_Aim of the task_
Print the material below exactly as it stands, please, from its first line to the line holding "Кресло-коляска оснащено амортизаторами", with no pictures.

_Data_
┏━━

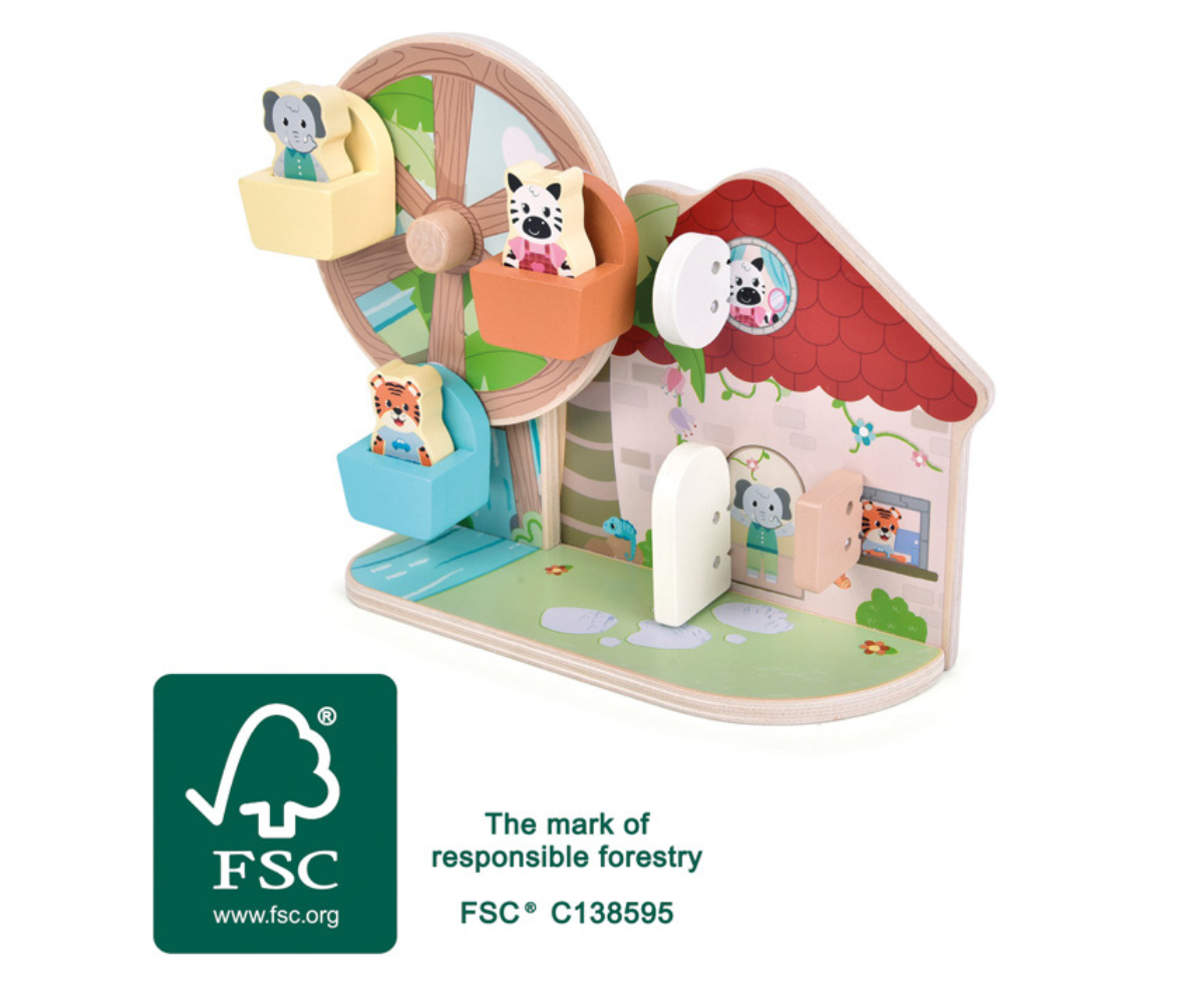 Kõik detailid on valmistatud vastupidavast FSC® puidust, millel on siledad servad ja tugev konstruktsioon. 🎨 Lapsesõbralikud mõõdud ja ergas värvilahendus muudavad mängu turvaliseks ja põnevaks. Lisaks sobib vaateratas ideaalselt lastetoa dekoratiivseks elemendiks.
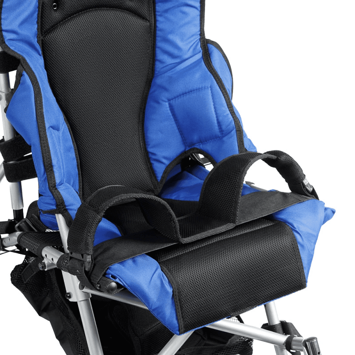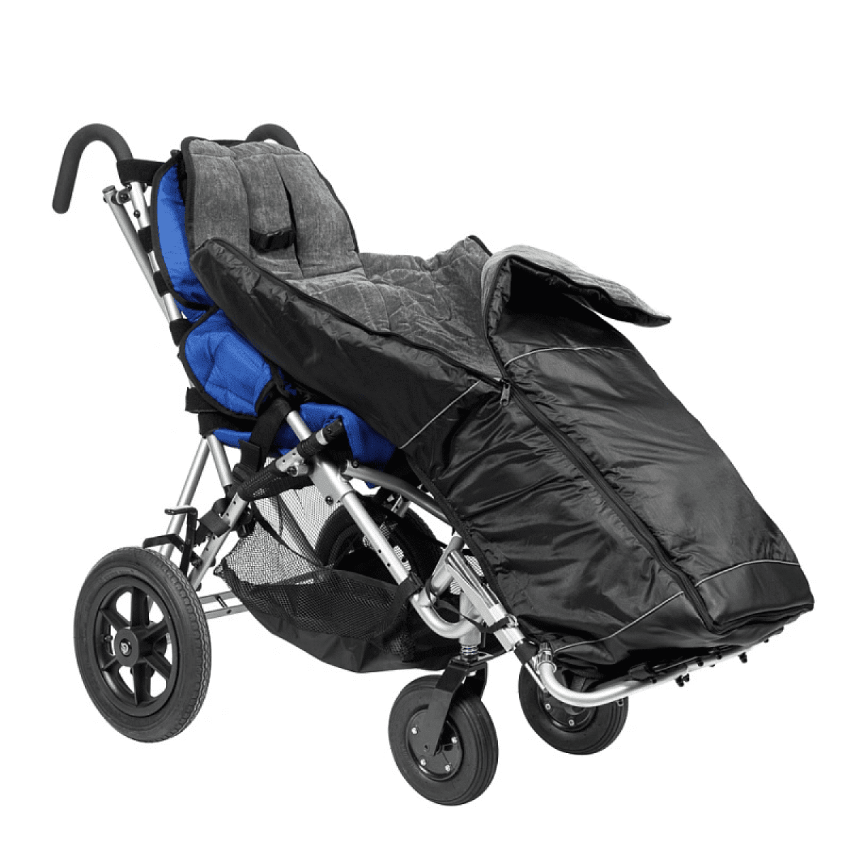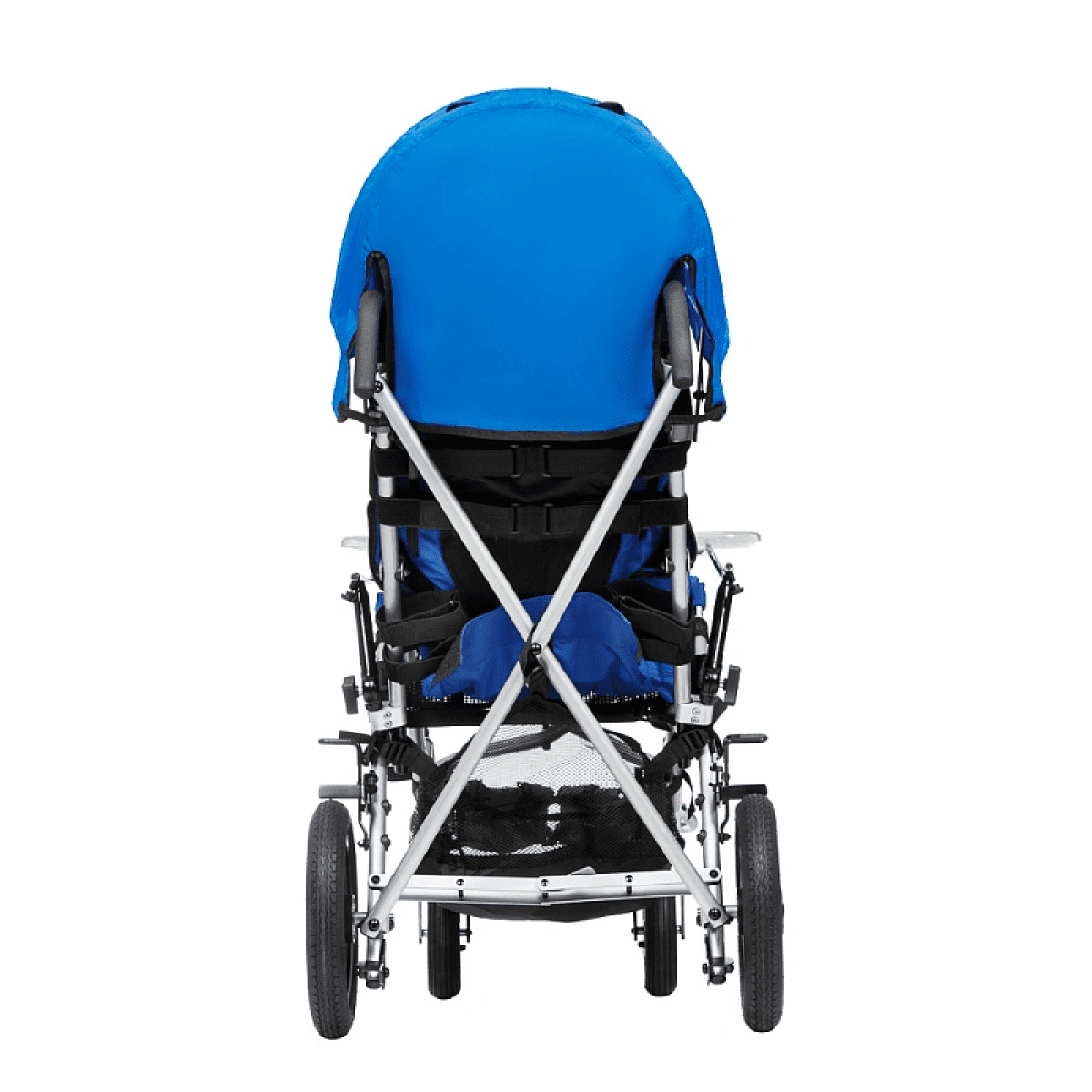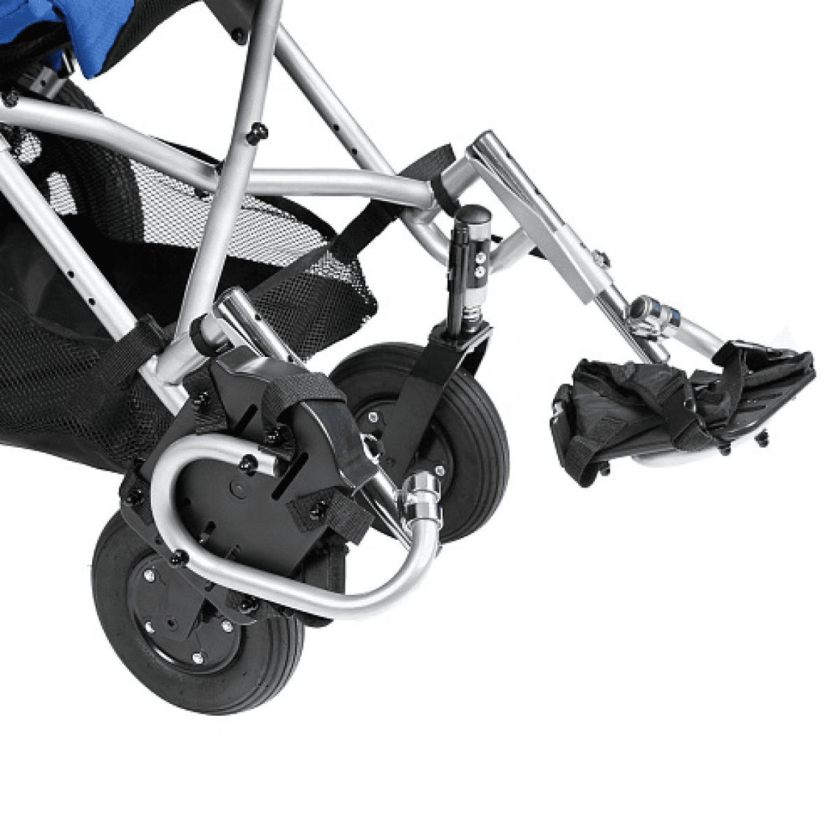 Кресло-коляска оснащено амортизаторами на передних колесах. Данная система принимает на себя ударные нагрузки, тем самым уменьшая влияние вибраций на позвоночник ребенка. Кроме того, в комплекте с коляской имеется съемный столик. Он незаменим во время приема пищи, а также дополнительно поддерживает верхнюю часть туловища.
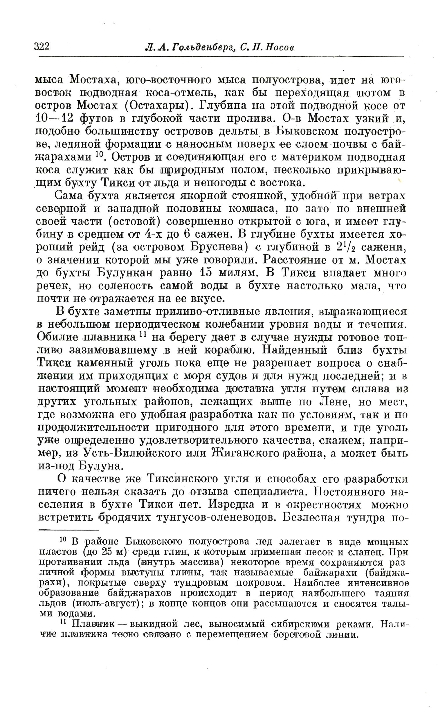 В бухте заметны приливо-отливные явления, выражающиеся в небольшом периодическом колебании уровня воды и течения. Обилие плавника {11} на берегу дает в случае нужды готовое топливо зазимовавшему в ней кораблю. Найденный близ бухты Тикси каменный уголь пока еще не разрешает вопроса о снабжении им приходящих с моря судов и для нужд последней; и в настоящий момент необходима доставка угля путем сплава из других угольных районов, лежащих выше по Лене, но мест, где возможна его удобная разработка как по условиям, так и по продолжительности пригодного для этого времени, и где уголь уже определенно удовлетворительного качества, скажем, например, из Усть-Вилюйского или Жиганского района, а может быть из-под Булуна.

┗━━

_Solution below_
 Kõik detailid on valmistatud vastupidavast FSC® puidust, millel on siledad servad ja tugev konstruktsioon. 🎨 Lapsesõbralikud mõõdud ja ergas värvilahendus muudavad mängu turvaliseks ja põnevaks. Lisaks sobib vaateratas ideaalselt lastetoa dekoratiivseks elemendiks.
 Кресло-коляска оснащено амортизаторами на передних колесах. Данная система принимает на себя ударные нагрузки, тем самым уменьшая влияние вибраций на позвоночник ребенка. Кроме того, в комплекте с коляской имеется съемный столик. Он незаменим во время приема пищи, а также дополнительно поддерживает верхнюю часть туловища.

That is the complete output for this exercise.